Non-STI Causes Worth Knowing About
Not every case of penile discharge is sexually transmitted. Prostatitis, an inflammation of the prostate gland, can produce discharge alongside pelvic pain, difficulty urinating, or a frequent urge to urinate. Bacterial prostatitis sometimes develops after urinary tract infections, catheter use, or prostate procedures. Urinary tract infections in men, while less common than in women, can also cause cloudy or slightly discolored discharge from the urethra.

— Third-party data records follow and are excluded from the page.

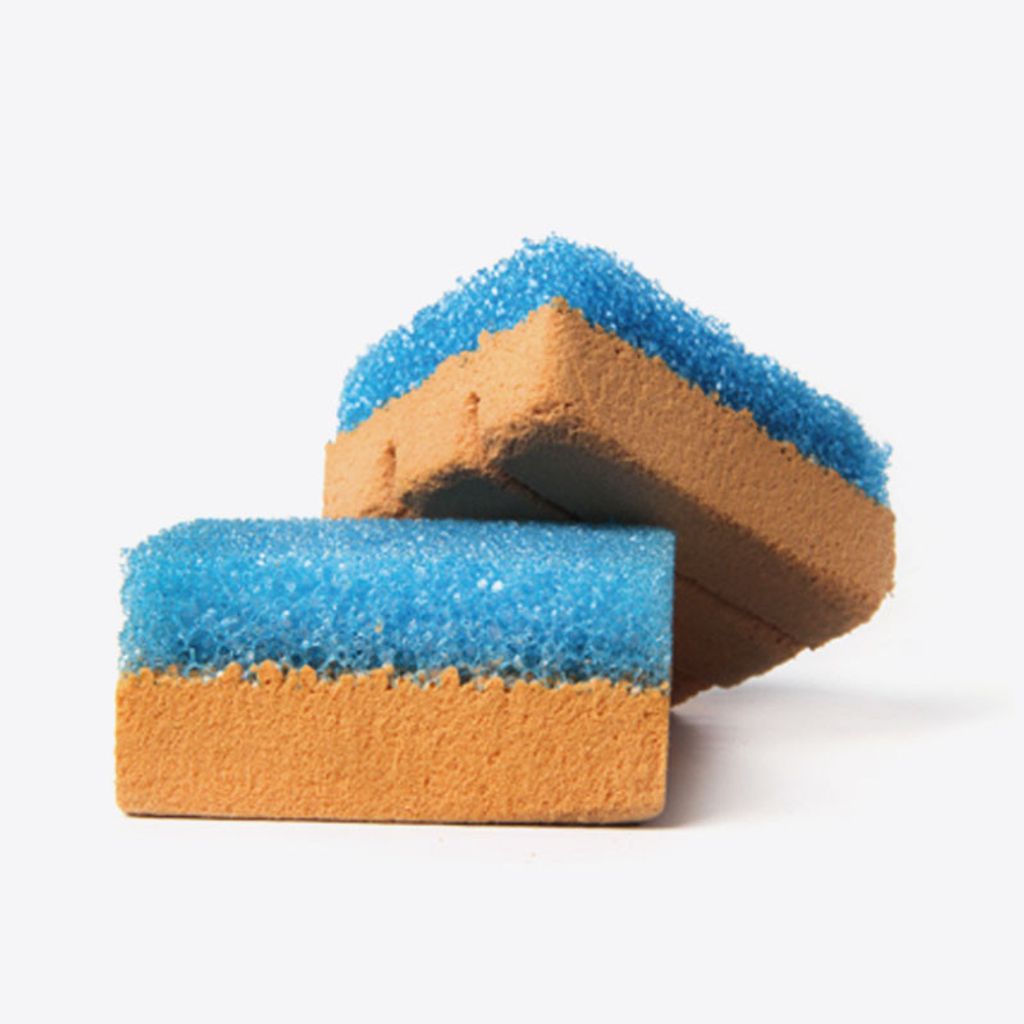 Svampen består av ett blått handgrepp och ett gult rengöringslager.
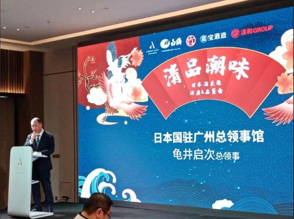 龟井总领事出席日本国驻广州总领事馆主办的“清品潮味”日本酒讲座并作为主办方代表致辞 2021/11/26 11月26日,龟井总领事在我馆主办的文化活动“清品潮味”日本酒讲座上作为主办方代表致辞。相关政府部门代表、日本料理行业代表等出席了活动。讲座中,日本酒利酒师黄山先生介绍了本地经典潮州菜和日本酒的搭配。
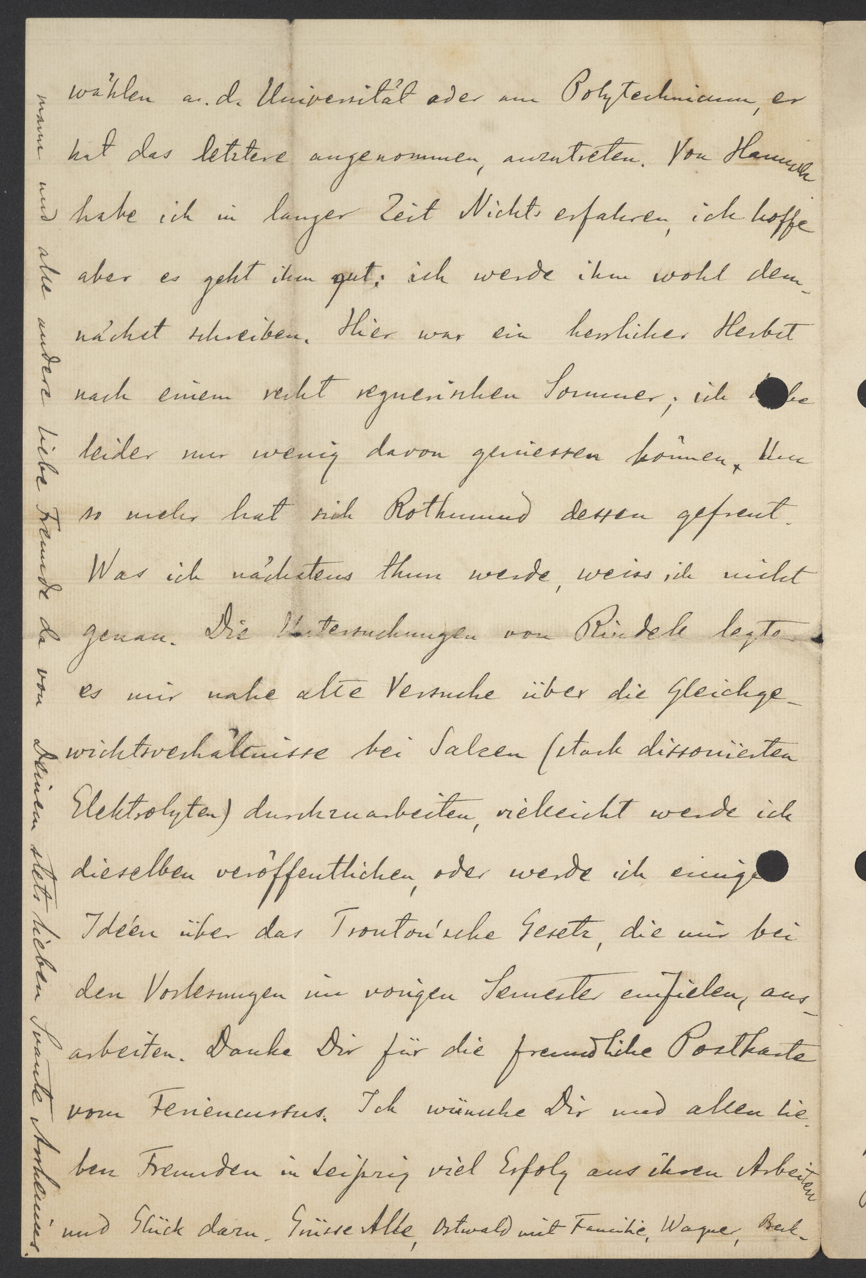 Letter from Svante Arrhenius to Georg Bredig, September 1898

Chemical irritation from soaps, spermicides, or antiseptics can inflame the urethra enough to produce a small amount of clear discharge. The distinguishing factor is usually context: if discharge appeared after a new sexual partner or unprotected sex, an STI is the most likely explanation. If it followed a medical procedure or coincided with urinary symptoms without recent sexual exposure, non-infectious causes deserve consideration. Either way, testing is the fastest way to get a clear answer and appropriate treatment.